Thomas A. McKennell, Aaron Goody and Joseph L. Lefkowitz for appellants. Abraham Hornstein and George D. Hornstein for respondent.
The complaint herein stated in proper form, with all necessary allegations, a cause of action against the defendant Hadassah Realty Co., Inc., a domestic corporation, for the recovery of $2,600 commissions due plaintiff, a real estate broker, on the sale of said defendant's real property for $200,000.
It alleges that the plaintiff, acting as a broker, procured the defendants Mersel and Hirschhorn as purchasers and they agreed with the defendant Podwitz, the president of the corporation owner, to purchase the property at the price and on the terms specified by the owner, and a written contract of sale was executed by the parties.
It also alleges:
" Tenth.
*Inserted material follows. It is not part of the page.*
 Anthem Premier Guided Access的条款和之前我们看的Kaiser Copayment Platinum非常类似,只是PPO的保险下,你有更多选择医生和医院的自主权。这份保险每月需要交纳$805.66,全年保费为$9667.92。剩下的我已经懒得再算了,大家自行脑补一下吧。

Upon information and belief that the defendants herein conspired together and entered into an agreement wherein and whereby they sought to deprive this plaintiff of the commissions to which he was entitled by reason of such sale and agreed among themselves to withhold from plaintiff the fact that such sale had been made and to deprive plaintiff of the commissions to which he was entitled by reason of such sale, and to distribute among themselves a sum of money in lieu of the commissions, which the plaintiff was entitled to receive on such sale.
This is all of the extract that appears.